Panaches mantelliques et points chauds // Mantle plumes and hotspots

drapeau-francaisLes sismologues de l’Université de Californie à Berkeley ont réalisé pour la première fois un scan en trois dimensions de l’intérieur de la Terre qui montre comment les panaches de roche à très haute température en provenance du manteau terrestre sont reliés à des points chauds qui génèrent des chaînes d’îles volcaniques à la surface de la Terre, omme Hawaï, les Samoa et l’Islande. Exemple de tomodensitométrie de l’intérieur de la Terre, l’image a été générée par une simulation informatique à l’aide de superordinateurs au Lawrence Berkeley National Laboratory.
Contrairement à la tomographie médicale qui utilise des rayons X pour examiner le corps humain, les chercheurs ont produit une image des panaches mantelliques en analysant le déplacement des ondes sismiques à l’intérieur de la Terre lors de puissants séismes qui ont secoué la planète au cours des 20 dernières années.

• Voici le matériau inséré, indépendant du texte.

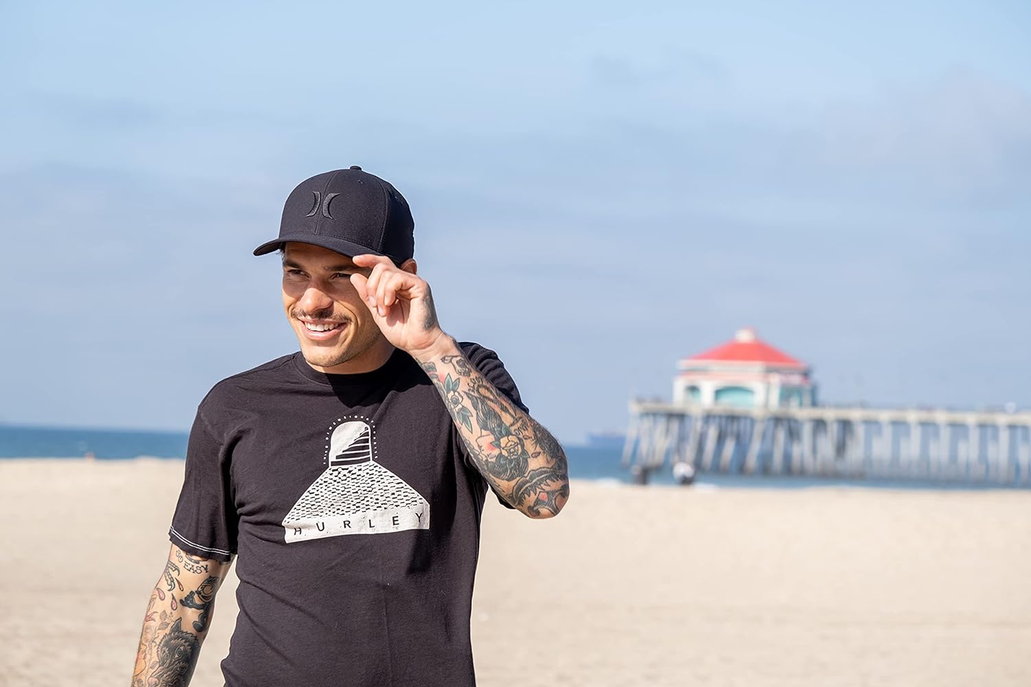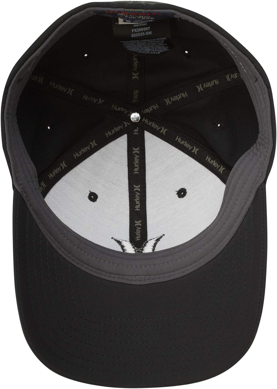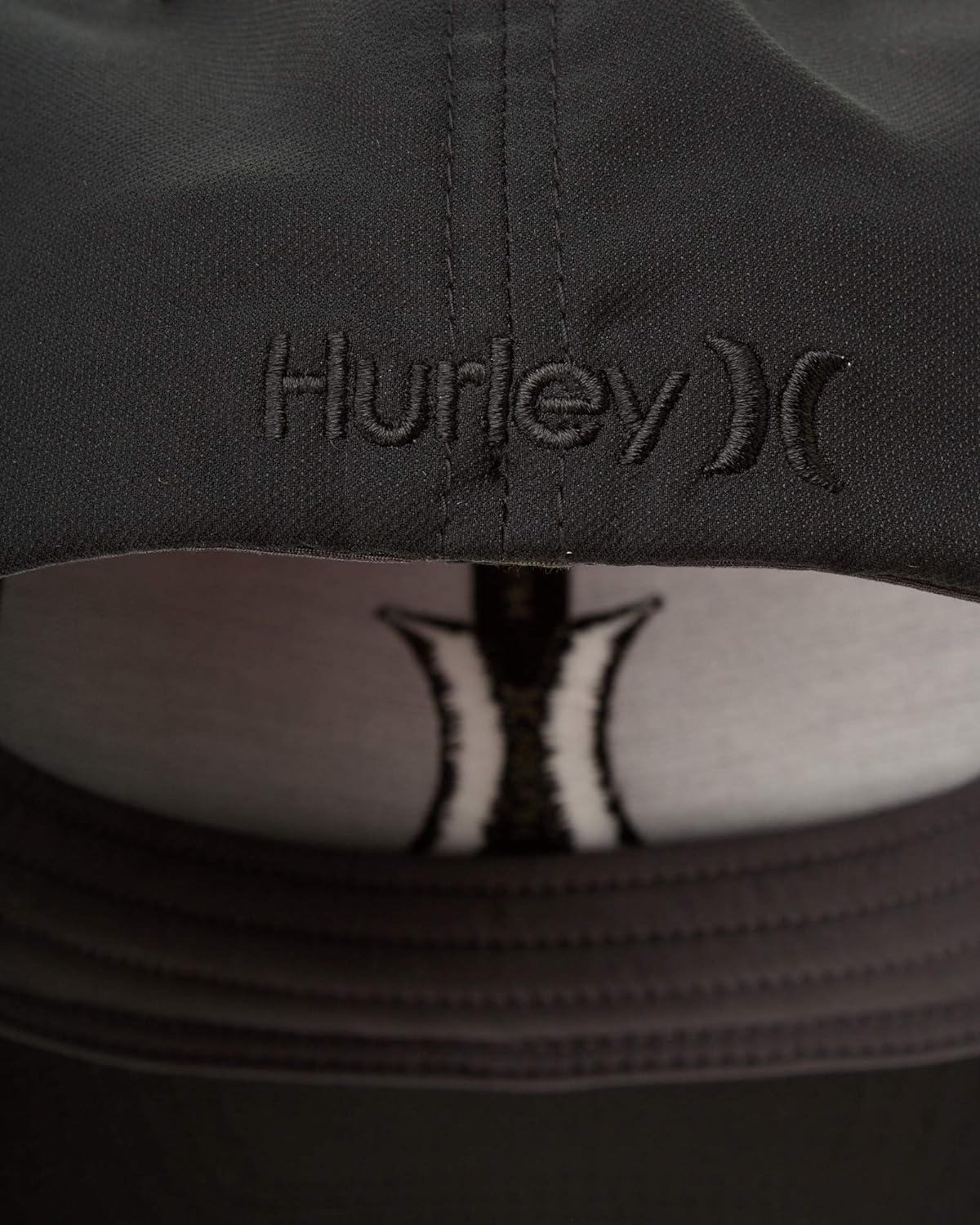 Hurley logo embroidered on front and back of baseball cap.

Des tentatives précédentes pour fournir une image des panaches mantelliques avaient montré des poches de roche à haute température qui s’élevaient dans les zones où les panaches avaient été proposés, mais il était difficile de savoir si ces poches étaient connectées aux points chauds volcaniques à la surface ou aux racines des panaches à la frontière entre le noyau et le manteau, à 2900 kilomètres sous la surface de la Terre.

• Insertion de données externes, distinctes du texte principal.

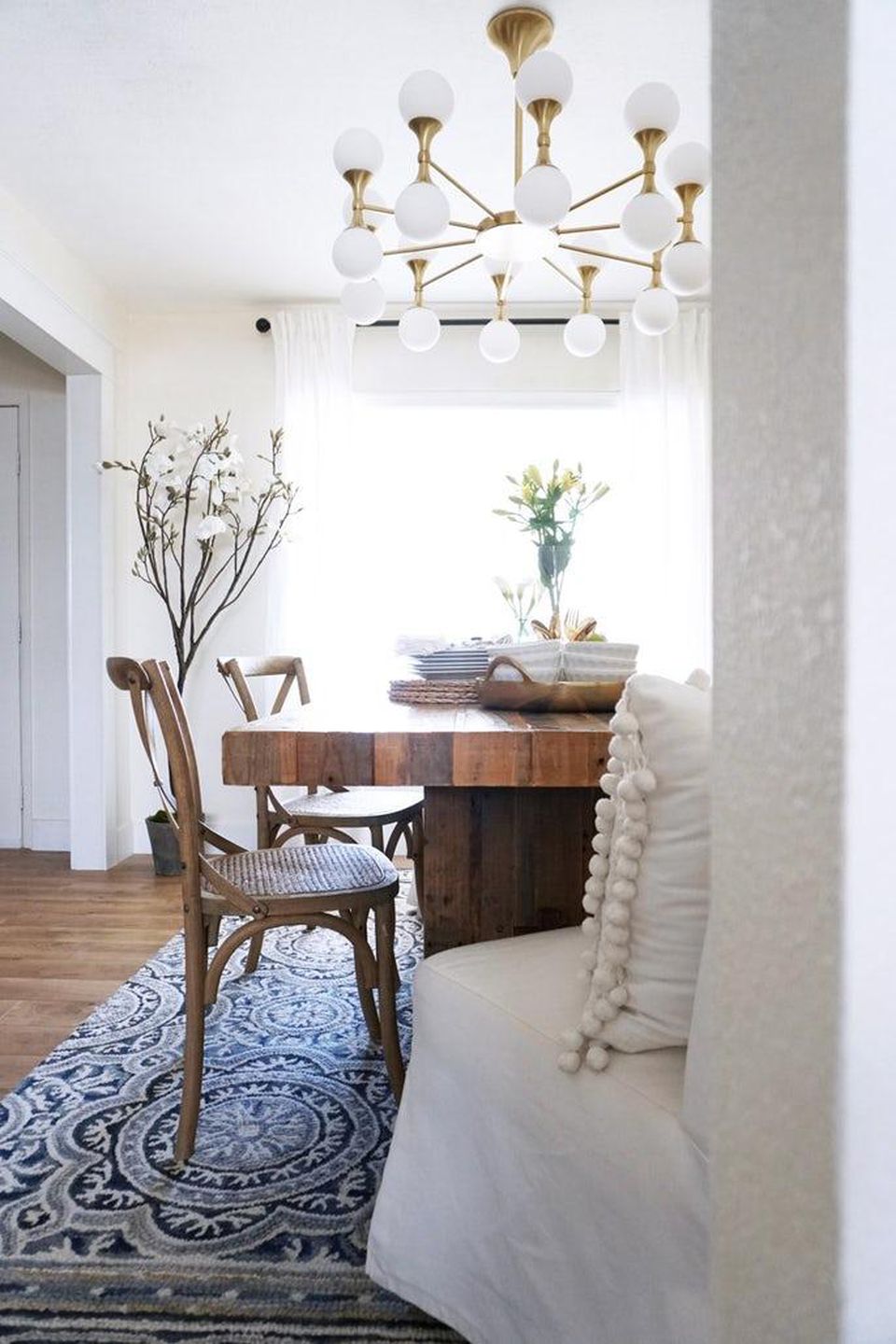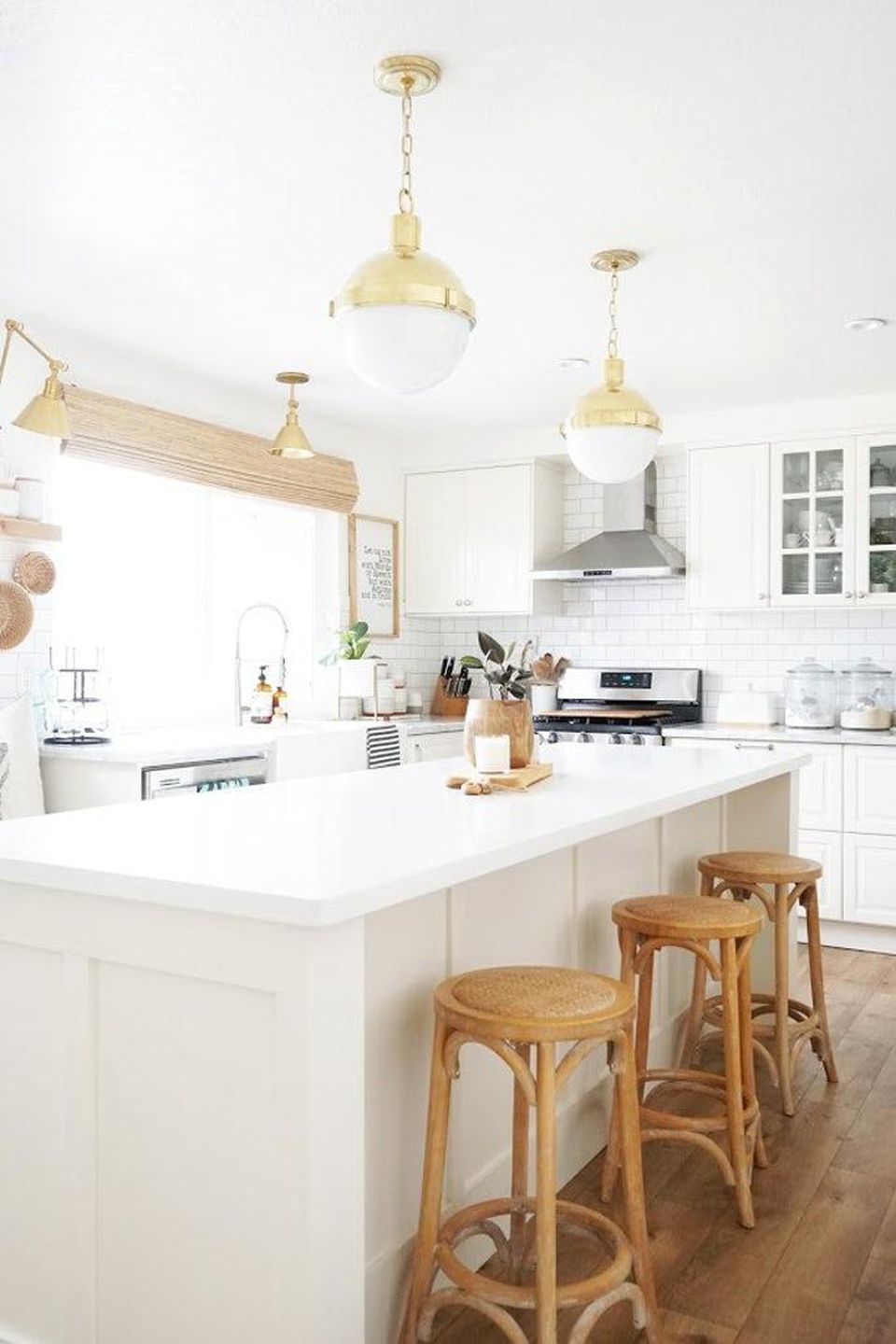 在这个清爽的白色厨房里,吊灯显得格外显眼。

La nouvelle carte haute résolution du manteau ne montre pas seulement ces connexions pour de nombreux points chauds de la planète, mais elle révèle aussi qu’en dessous d’environ 1000 km, les panaches présentent une largeur comprise entre 600 et 1000 kilomètres, ce qui est jusqu’à cinq fois plus que celle estimée jusqu’à maintenant par les géophysiciens. Les panaches ont probablement une température d’au moins 400 ° C supérieure à celle de la roche environnante.

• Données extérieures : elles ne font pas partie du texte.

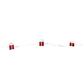 Cordão Luminoso Natalino 3 Metros Led 30 Mini Presentes Taschibra Características Gerais do Produto: Dimensões AxLxP CM : 320 Cor da luz: 3000K Quente Produzido em: Plástico Voltagem: 2 Duas Pilhas AA Potência: 0,6W Eficiência luminosa: Decorativo Cor do cabo: Transparente : 90 dias junto ao fabricante Aplicação: Interno ou Abrigado Acompanha lâmpada: Não necessita, LED já integrado Acompanha o produto: 01 Cordão : 90 dias Marca: Não Informado Ean: 7908781103732

Les connexions entre les panaches provenant de la partie inférieure du manteau et les points chauds volcaniques ne sont pas directes. En effet, les sommets des panaches s’étalent comme le delta d’un fleuve lorsqu’ils rencontrent la roche moins visqueuse du manteau supérieur.
Les nouvelles images montrent également que les bases de ces panaches sont ancrées à la frontière entre le noyau et le manteau où elle forment deux énormes masses de roche à très haute température, avec chacune un diamètre d’environ 5.000 kilomètres, probablement plus denses que les roches environnantes. On estime que ces deux points d’ancrage – l’un sous l’Afrique, l’autre sous l’Océan Pacifique – sont dans ces zones qui existent depuis 250 millions d’années.
L’analyse effectuée par les superordinateurs n’a pas détecté de panaches sous tous les volcans de points chauds, comme le Parc de Yellowstone. Les panaches qui les alimentent sont peut-être trop minces pour être détectés et la technique de modélisation informatique présente encore des limites.

Cette étude a été soutenue par la National Science Foundation et le Conseil Européen de la Recherche.
En cliquant sur ce lien, vous pourrez voir une vidéo montrant la simulation par superordinateur des panaches de roche à haute température pendant leur ascension à travers le manteau, avant de former des chaînes d’îles volcaniques.
https://www.youtube.com/watch?v=tCphzt8iaWc&feature=youtu.be

Source: Université de Californie à Berkeley.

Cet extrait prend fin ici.